Employment outlook has changed over the past three months, leading more firms to report that they “intend to hold on to their employees” and fewer to plan job cuts. More than half of the respondents—55%—said they will make no changes in their labor forces, up from 49% last quarter. About 5% said they expect to reduce their workforces, down from 12%. Those planning to hire accounted for 40% of the survey pool, up slightly quarter-over-quarter.

Local executives have tempered their expectations on sales and revenues for the next three months. A smaller proportion of respondents—66% versus 70%—said they project increases in revenue, and a larger percentage—10% versus 7%—said they expect declines.

Primal Elements

“It’s kind of a crazy period right now for businesses overall,” said Scott Freeman, president of Primal Elements Inc., a Huntington Beach-based maker of soaps and personal-care products. “We’re seeing some growth. But we’re a bit pessimistic about it because we see things pick up and drop again. There are too many variables going around right now. Consumers are timid.”

Privately held Primal Elements, established in 1993 by Freeman and his wife, Faith, manufactures soaps, candles and lotions, among other products. It distributes to retailers, mostly on the East Coast through stores such as Whole Foods. It also sells internationally, including in Dubai, China, Korea and Germany. The company operates in a 19,000-square-foot facility and has 37 employees.

OC businesses’ short-term outlook on profitability has improved, with more than 51% of respondents indicating they expect higher profits through June, compared with 50% last quarter. About 39% said they estimate no changes, and about 10% said profits are likely to slip. Both figures were stable quarter-over-quarter.

Local businesses are less likely to invest in inventory and equipment than they were earlier this year, according to the survey.

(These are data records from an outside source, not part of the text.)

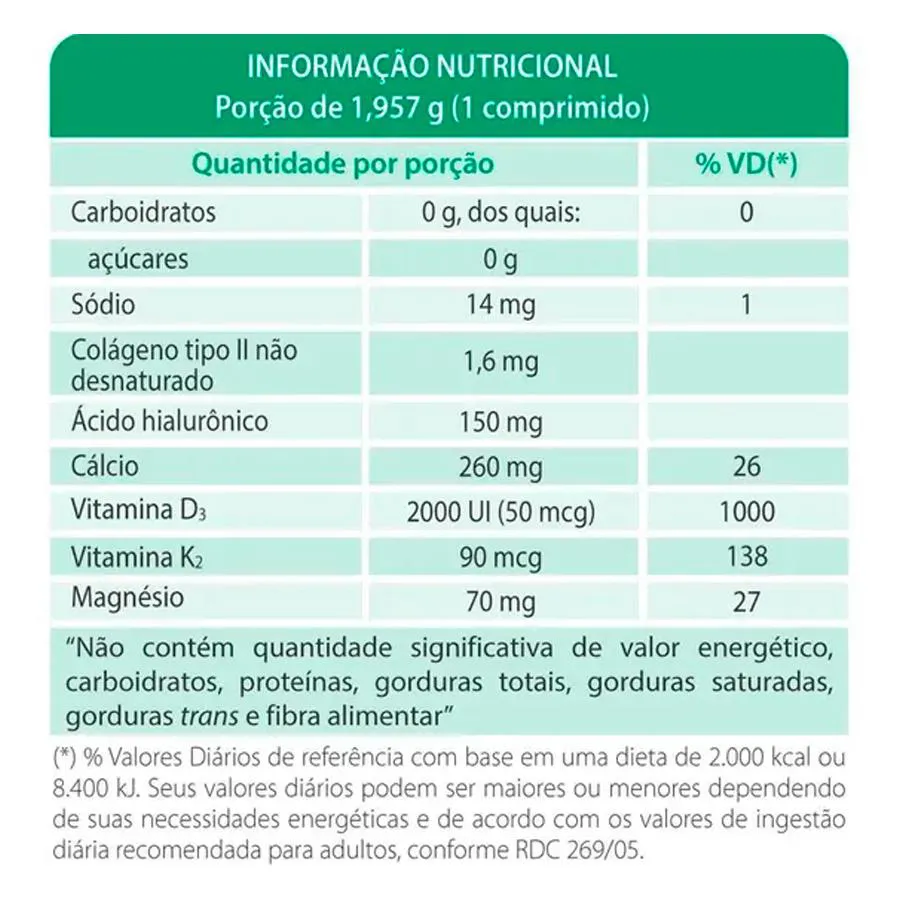- Colágeno tipo II não desnaturado (1,6 mg): Ajuda na manutenção da integridade das cartilagens.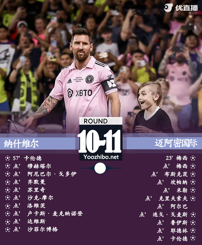 迈阿密国际首发:1-卡伦德、2-耶德林、27-克里夫索夫、31-米勒、18-阿尔巴、3-阿罗约(81' 13-乌略亚)、5-布斯克茨、30-克雷马斯基(69' 8-戈麦斯)、16-泰勒(81' 41-大卫-路易斯)、17-马丁内斯(69' 9-坎帕纳)、10-梅西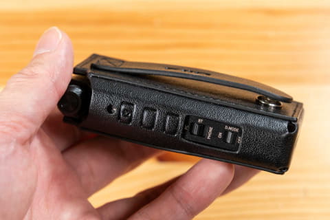 これだけのハイスペックながら、外形寸法は約16.3×41.2×86.6mm、重さは約73.4gと手のひらに収まるコンパクトサイズなのもポイント。BTR17は本体にクリップなどはないものの、付属の専用レザーケースにベルトループが備えられている。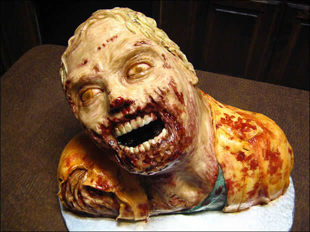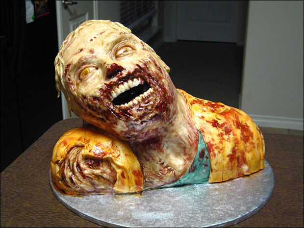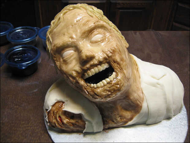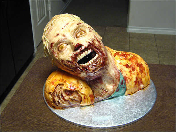 Y ahora el pastel está listo para ser devorado. Cerebros de pastel de zombie mmmmmm!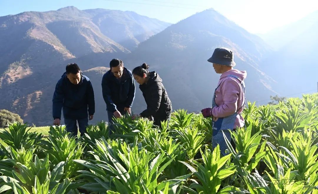 駐村工作隊與村民探討貢菜種植。陶華 攝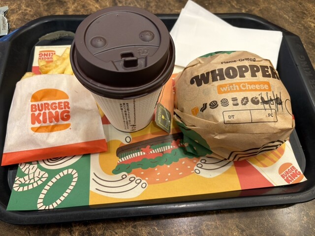 全然自分の番号が呼ばれる気配が無いまま7〜8分経ちようやく自分の番号がコールされワッパーチーズバーガーとドクターペッパー、フレンチフライ食べられる〜。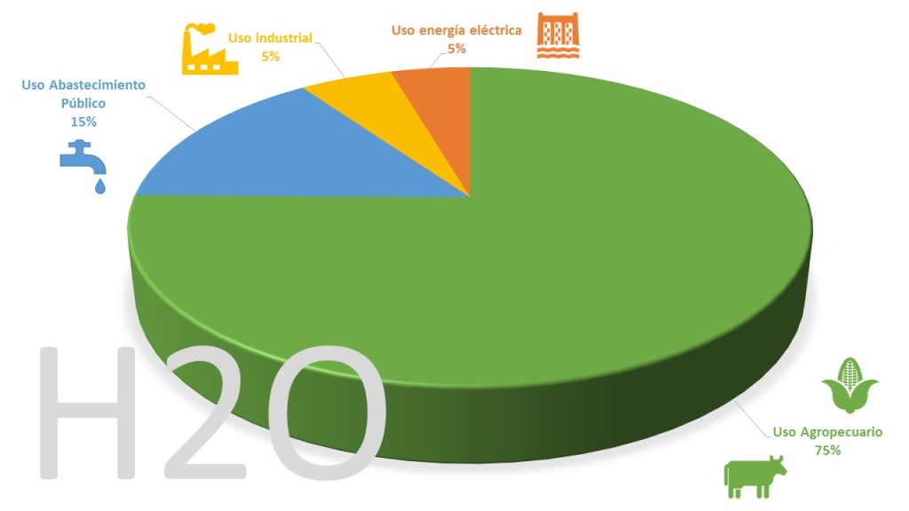 - Uso Agropecuario: De cada 100 litros de agua empleados en México, 75 litros son empleados en la agricultura y ganadería.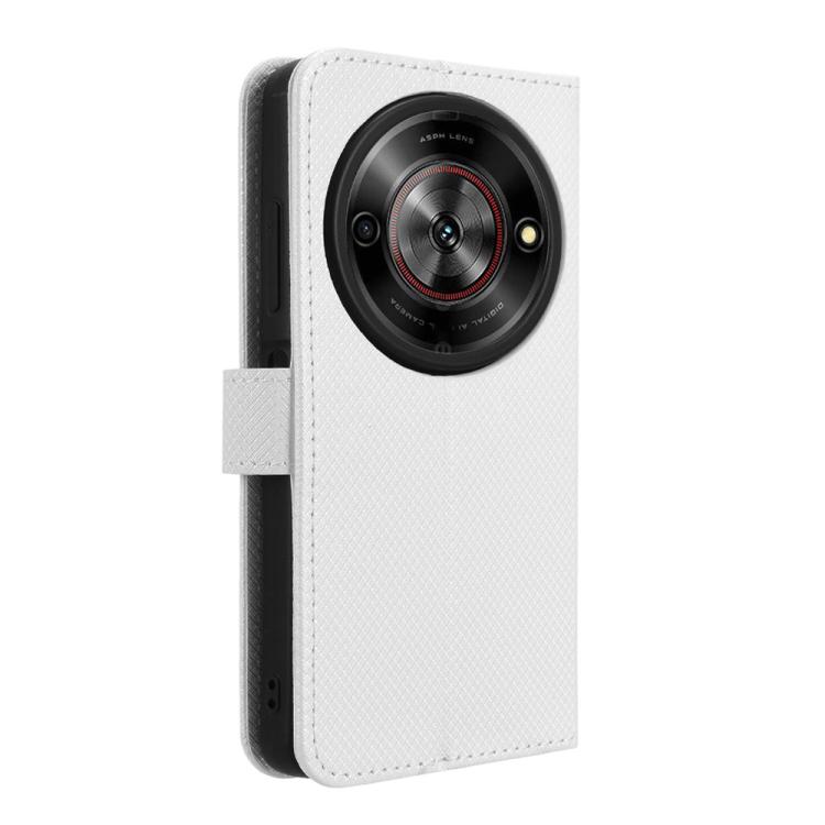 Funda de Cuero Textura de Diamante para ZTE Blade A75 5G (Blanca)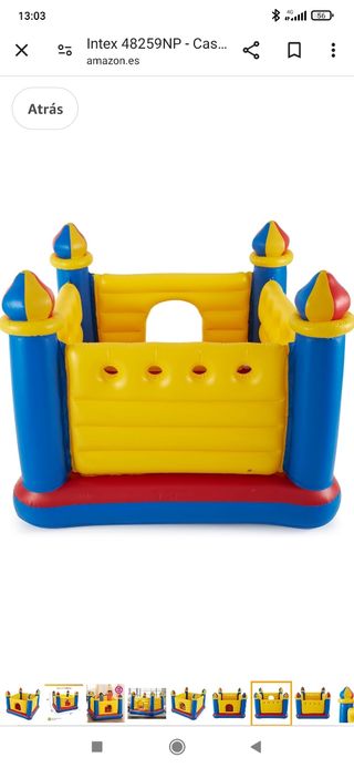 Castillo hinchable para niños de Intex. Suelo hinchable 175 x 175 x 135 cm. Para 2 niños. Peso máximo 45 kg. Color amarillo, rojo y azul. Como incidencia tiene un pequeño agujero el cual se puede reparar con un parche. Se vende ya que se ha quedado pequeño para el uso de nuestro hijo. Se vende a mitad de su precio original. Se conserva muy bien.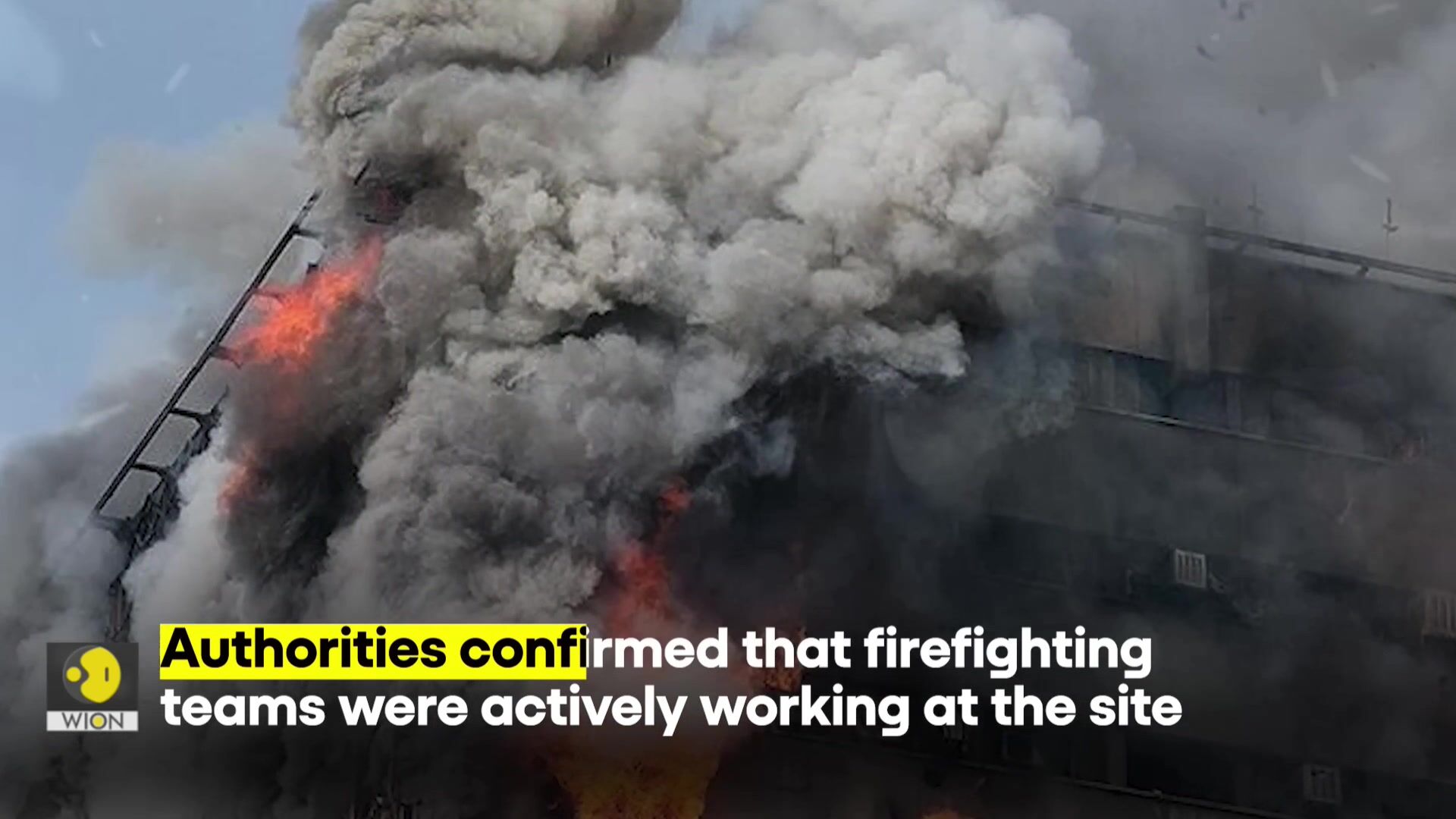 Other angles show traffic slowing on the highway adjacent to the building due to the thick clouds of smoke.

Nearly 30%, versus 33% a quarter ago, said they anticipate increases in inventory and equipment spending. A majority—at 60%, up from 57%—said they plan no changes to inventory levels.

Concerns

The survey also asked executives to identify the most significant factors impacting their enterprises. The state of the overall economy remained the largest focus, at 48%, up from 42%. Government regulations were the second major concern, at 33%.

Credit availability and labor costs have become less significant concerns for local businesses. Those who are worried mainly about credit fell from 10% to 4%, and the figures for labor costs fell from 5% to 1%.

International competition, on the other hand, surfaced as a bigger concern, with 6% of respondents indicating it as their primary worry, versus 2% for the first quarter.

California vs. U.S.

The survey asked local executives to compare the pace of economic improvements in California with that of the U.S.

A larger share of respondents—38% versus 31% last quarter—said California will lag the national economy. About 41% said the state will grow faster, down from 50%.